“吴菲菲现在头痛着呢”,吴菲菲?谁是吴菲菲?袁散在想,怎么以前从没听吕慕楚提起过这个人。
袁散凑齐了去挖墓的四个人,商量好在碾子沟等,这样是为了便于快速登上高速出城。
结果还有一个讲究的,说是不干这死人的活儿,不吉利,走了。
当然,既然作为一个打工的,多数的基层群众还是要钱不要命,都义愤填膺地对离开革命队伍的那个讲封建迷信的同志进行了严厉地谴责。但是,那哥们显然受了蛊惑,说什么也挣这个钱。
袁散和弟兄们一顿商议,决定自己上阵。
死人为大,决不能让尸骨不能入土。缺一个人,也照样黄土埋人!
这时一辆破破烂烂的货车停在身前,一个额前头发染着不同颜色的男青年把玻璃摇了下来,透过下班探着头问:“你是姓袁吧?”
“对对,我姓袁,你是吕慕楚的朋友?”
“切,谁跟他是朋友”,这年青人的手臂上到处是纹身,浑身上裸露的皮肤上到处腾云驾雾。

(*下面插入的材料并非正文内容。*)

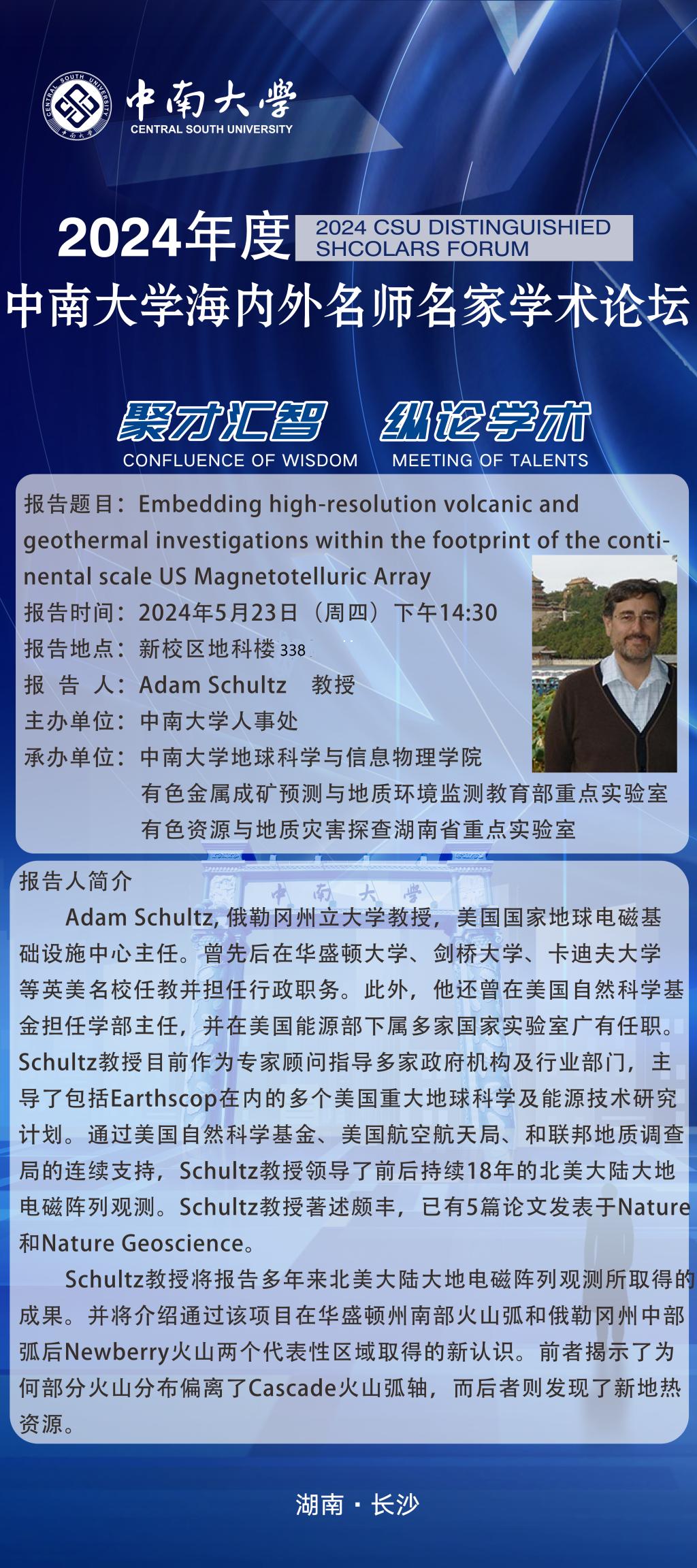 学术报告:Embedding high-resolution volcanic and geothermal investigations within the footprint of the continental scale US Magnetotelluric Array
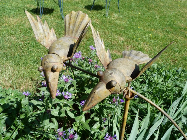 Déjà nostalgique de mon escapade au vert, je vous propose de découvrir, en images, un aperçu de ce petit coin de paradis.Imaginez que j’ai eu un jardin à moi tout seul pendant deux jours, peuplé de vrais et faux animaux. A vous d’en juger. Ma maîtresse a joué les reporters animaliers…
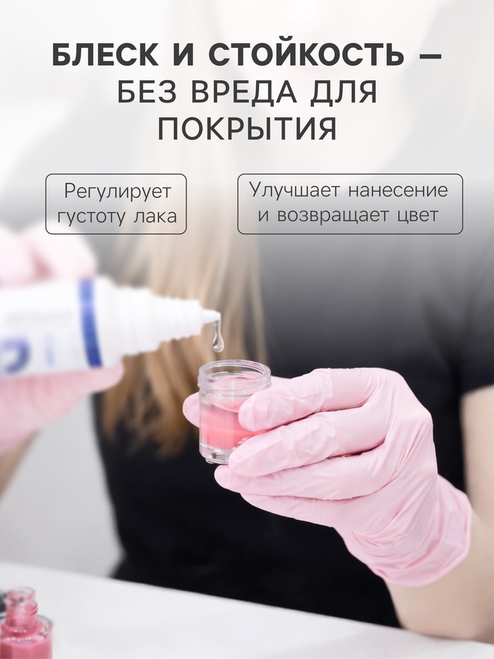 Способ применения: добавьте необходимое количество разбавителя во флакон с загустевшим лаком или топом. Аккуратно встряхните флакон до получения однородной массы и оставьте на 30 секунд.

纹身男侧身,从敞开的玻璃里把嘴里咬的一根牙签吐掉,“上来吧,去布楚挖坟!”
袁散转脸对自己的兄弟们喊了一句:“装车!”
几个人把绳子、十字镐、铁锹扔到了车上,反正也是辆破烂车,也不用注意,不用心疼。
车子在广袤的边疆大地行驶,出了鸟市之后,眼前是一望无际的戈壁,眼前连片的风力发电站,树立了许多高大的风车,一派奇特的风景。
在后排坐着的两个兄弟,就开始议论着这巨大的风力发电站的造价、大小。
这俩哥们儿虽然是打工的,但很会享受,出发前也忘不了带上烧酒、花生米。
俩哥们在后排座上也不客气,边喝边吃,这打工的倒是快意人生。
一个说风力发电站也没有多大。另一个说什么呀,这东西是你离得远了,是边疆的地面太大了,你看那远远的雪山下,那么辽阔,大地上一棵树也没有,就树立着这么多成千上万的风力发电站,其实你走到跟前,这些东西大得狠。有个开八平车的司机去拉那风车上的叶子,人家问,你能拉多少,他说一次怎么着还不拉一个风车。结果,整个一车,他只装下一片叶子,那风车三片叶子,还有那么高的支架呢。你想想他得拉多少车。
他们争论的时候,司机纹身男子戴着耳机,听着音乐,摆动着身体,而袁散则与吕慕楚发着短信,商谈着去布楚以后,挖墓的事儿。